For whom is the book? The beginner in philosophy will engage with serious philosophical questions without realizing it. Those who are steeped in the western philosophical tradition will enjoy the many allusions to writers, problems and solutions that are hidden in the dialogue. The benefits to these contrasting readers draw our attention to a third reader, who will get more out of the book than either of the first two. This is the beginner who has the benefit of guidance from an expert who can show where there is more to the dialogue than meets the eye, and who can push the beginner to use the dialogue as a springboard for his or her own arguments. This would be a very good book to use in an informal course for adult or teenage beginners, a course that was aimed at broadening the mind while having fun rather than at passing an examination.

The allusions pose a puzzle. Some of them must be deliberate. For example, on pages 35-36 Zac adopts the voice of Plato's Socrates to commit Sarah to a position with which she is not at all comfortable. Others may or may not have been planted by the author. On page 134, we have a suggestion that we should take into account only the views of those who can look at things from all relevant points of view (those who are both accountants and soccer fans in this case). Is this a deliberate allusion to Mill's justification for preferring the opinion of Socrates to that of the fool, and the opinion of the human being to that of the pig (Utilitarianism, chapter 2)? Or is that connection created solely by the reader? And if the author did not intend the allusion, does it still qualify as an allusion? We might go on to distinguish the case where it was unintended but the words were a consequence of the author's having read Mill from the case where there was no causal connection between that reading and what the author wrote, and then argue about whether the concept of causal connection was the right concept of connection in this context, and so on. Thinking about the author and the reader, rather than solely about the contents of the book, can set off such a torrent of questions. At least we can be confident that the author will be perfectly happy to have given us a meta-problem to ponder, whether he did so accidentally or deliberately.
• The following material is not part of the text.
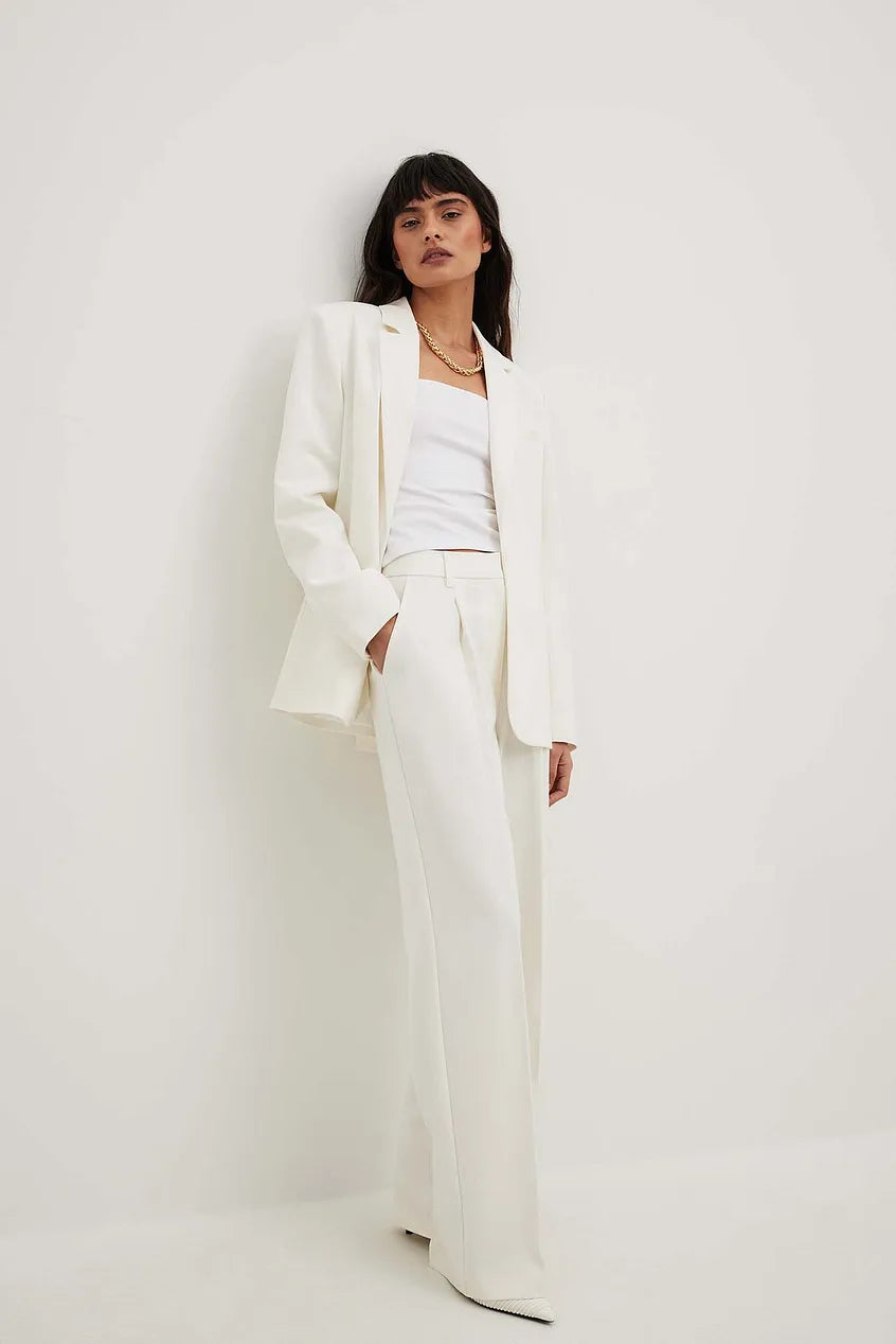 These suit pants feature a fabric with contrast-colored threads and a lined high waist with belt loops and a zip and hook closure. They have side slanting pockets, mock back pockets and a relaxed wide fit. These suit pants comes in white. Influencer: @lisambengtsson is 160 cm tall and is wearing size EU 36 (UK 10, US 6, small).

The last section of the book is about ethics, and the tone changes. The gap between the dialogue in the book and how a discussion might go in a philosophy class shrinks. This is a reminder that ethical issues arise in all of our lives, so that a direct presentation of the issues can engage anyone. It is not only philosophers who see that the issues are important. But this change of tone is no let-down. Like the train blending smoothly into the dusk at the end of the book, the book blends philosophy smoothly into the life of the reader. This is a serious book that is also a lot of fun.


Tetralogue: I'm Right, You're Wrong, by Timothy Williamson. Oxford University Press, 2015, 160 pages, hardback £10.99. ISBN 978-0-19-872888-7.